Foods to Eat If You Have Low Iron
Iron is needed in your system to produce red blood cells with hemoglobin, which oxygen is carried throughout your body by it. You can develop iron-deficiency anemia and may be tired, weak and pale if your iron is insufficient. Iron deficiency prevents adequate absorption of iron from the intestines into the blood and usually results from bleeding, such as heavy periods or internal bleeding; poor nutrition such as vegetable sources of iron or lack of adequate meat; or disease such as ulcerative colitis, crohn’s and celiac disease. You need a diet high in iron-rich foods or also called low iron diet if you have low iron.
Eat Meat or Fish
40 percent heme iron and 60 percent non-heme iron are contained in animal protein, so the most efficient way to increase iron intake is eating meat, fish or poultry as heme iron occurs only in animal protein and is absorbed more readily than non-heme iron.

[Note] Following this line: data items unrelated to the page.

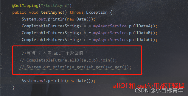 其实,只要你使用到了 返回接收值CompletableFuture ,其实就已经开始触发,并不是一定要用allOf。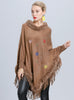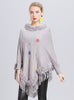 Warm Flower Embroidered Fringed Fur Collar Shawl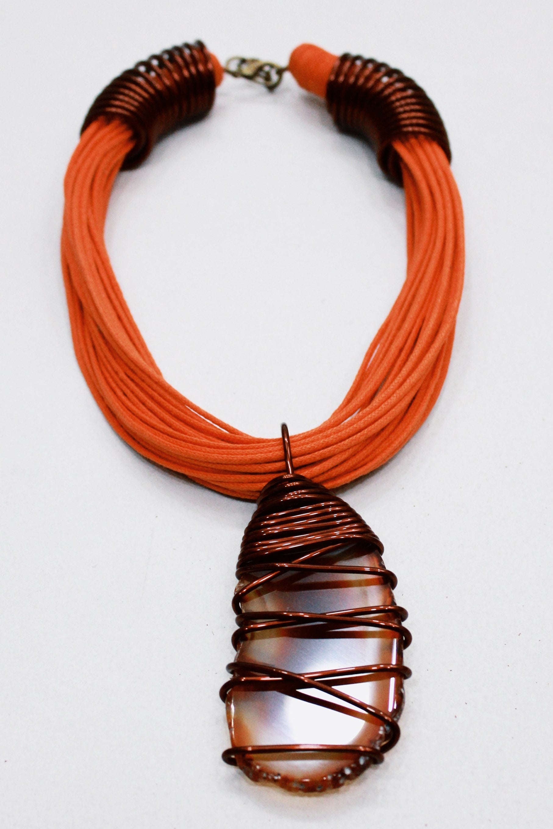 Colar Artesanal Com Pedra Ágata Yacamim #535
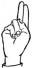 На ћирилици написано РАДНА АНИЧИЋ састоји се из 11 слова [?]. Исписано ћириличном једноручном азбуком за глувонеме:

Lean organ meats such as liver and red meats such as lamb and beef, are very good sources of iron. Instead of white meat, dark poultry meat is higher in iron; take this into your consideration. Especially shellfish, such as shrimp, clams, oysters and mussels, and also salmon and tuna, fish contain good amounts of iron. Another good source is egg yolks. Also, if you are vegetarian, high in iron, tofu and tempeh may be used as mean substitutes.
Eat Green Leafy Vegetable and Legumes
Dried legumes which are high in non-heme iron include kidney beans, lentils, lima beans and soybeans. You need to increase your iron intake to compensate, if you are vegetarian or vegan, because non-heme iron is not absorbed as well as heme iron. Another great source of iron is green leafy vegetables. This good iron source includes Brussels sprouts, beet greens, turnip greens, Swiss chard and spinach. If you do not eat meat, you should be sure to include vitamin C in your meal because vitamin C markedly increases absorption of heme. Other good choices are bok choy and broccoli which are high in both vitamin C and iron.
Eat Nuts and whole Grains
Although nuts high in fat and would be better to include in the low iron diet in small amounts, nuts such as almonds and cashews are high in non-heme iron and other nutrients. Other good sources of iron are fortified cereals such as oatmeal & Cream of Wheat, and whole grains especially quinoa. However, to make sure it is fortified with iron, when buying cereal you should always simply check the label.
Avoid Tea, Coffee, Cola and Calcium Supplements
As calcium bind to iron and prevent its absorption, coffee, cola and tea, which are containing some chemicals like tannic acid and phytic acid, should be avoided. Also, you should avoid taking calcium supplements within an hour of meals and avoid drinking these liquids with your meal. Phytic acid is also found in rye bread and some other grains, and tannic acid is found in chocolate.